■ Problem statement:
Only those lines running from the start of the listing below through the line that holds "A beefy front" are to be written out, exactly and in full.

■ Material provided:

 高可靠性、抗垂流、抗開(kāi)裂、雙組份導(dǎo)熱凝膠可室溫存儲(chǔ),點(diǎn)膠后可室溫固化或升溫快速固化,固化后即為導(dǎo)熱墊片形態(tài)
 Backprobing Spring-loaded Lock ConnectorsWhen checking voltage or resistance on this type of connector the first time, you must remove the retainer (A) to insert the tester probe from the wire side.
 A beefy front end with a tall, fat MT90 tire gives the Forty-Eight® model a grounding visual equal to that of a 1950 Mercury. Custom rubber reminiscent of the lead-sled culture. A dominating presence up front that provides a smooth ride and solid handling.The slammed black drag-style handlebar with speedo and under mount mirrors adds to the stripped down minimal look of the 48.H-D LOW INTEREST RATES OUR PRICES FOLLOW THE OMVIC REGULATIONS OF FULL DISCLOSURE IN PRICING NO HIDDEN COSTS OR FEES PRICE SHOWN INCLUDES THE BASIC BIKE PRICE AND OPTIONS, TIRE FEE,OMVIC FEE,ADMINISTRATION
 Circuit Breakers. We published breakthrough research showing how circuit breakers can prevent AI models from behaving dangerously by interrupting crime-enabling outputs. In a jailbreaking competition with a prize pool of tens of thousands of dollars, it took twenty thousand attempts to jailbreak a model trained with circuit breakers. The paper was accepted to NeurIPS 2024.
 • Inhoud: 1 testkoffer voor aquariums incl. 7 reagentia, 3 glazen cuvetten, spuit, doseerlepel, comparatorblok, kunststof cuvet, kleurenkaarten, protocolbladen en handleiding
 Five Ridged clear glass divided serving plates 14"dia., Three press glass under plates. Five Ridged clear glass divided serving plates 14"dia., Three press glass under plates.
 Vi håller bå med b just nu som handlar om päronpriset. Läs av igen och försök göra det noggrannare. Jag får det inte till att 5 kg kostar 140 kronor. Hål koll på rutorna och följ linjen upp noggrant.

■ Response below:
 高可靠性、抗垂流、抗開(kāi)裂、雙組份導(dǎo)熱凝膠可室溫存儲(chǔ),點(diǎn)膠后可室溫固化或升溫快速固化,固化后即為導(dǎo)熱墊片形態(tài)
 Backprobing Spring-loaded Lock ConnectorsWhen checking voltage or resistance on this type of connector the first time, you must remove the retainer (A) to insert the tester probe from the wire side.
 A beefy front end with a tall, fat MT90 tire gives the Forty-Eight® model a grounding visual equal to that of a 1950 Mercury. Custom rubber reminiscent of the lead-sled culture. A dominating presence up front that provides a smooth ride and solid handling.The slammed black drag-style handlebar with speedo and under mount mirrors adds to the stripped down minimal look of the 48.H-D LOW INTEREST RATES OUR PRICES FOLLOW THE OMVIC REGULATIONS OF FULL DISCLOSURE IN PRICING NO HIDDEN COSTS OR FEES PRICE SHOWN INCLUDES THE BASIC BIKE PRICE AND OPTIONS, TIRE FEE,OMVIC FEE,ADMINISTRATION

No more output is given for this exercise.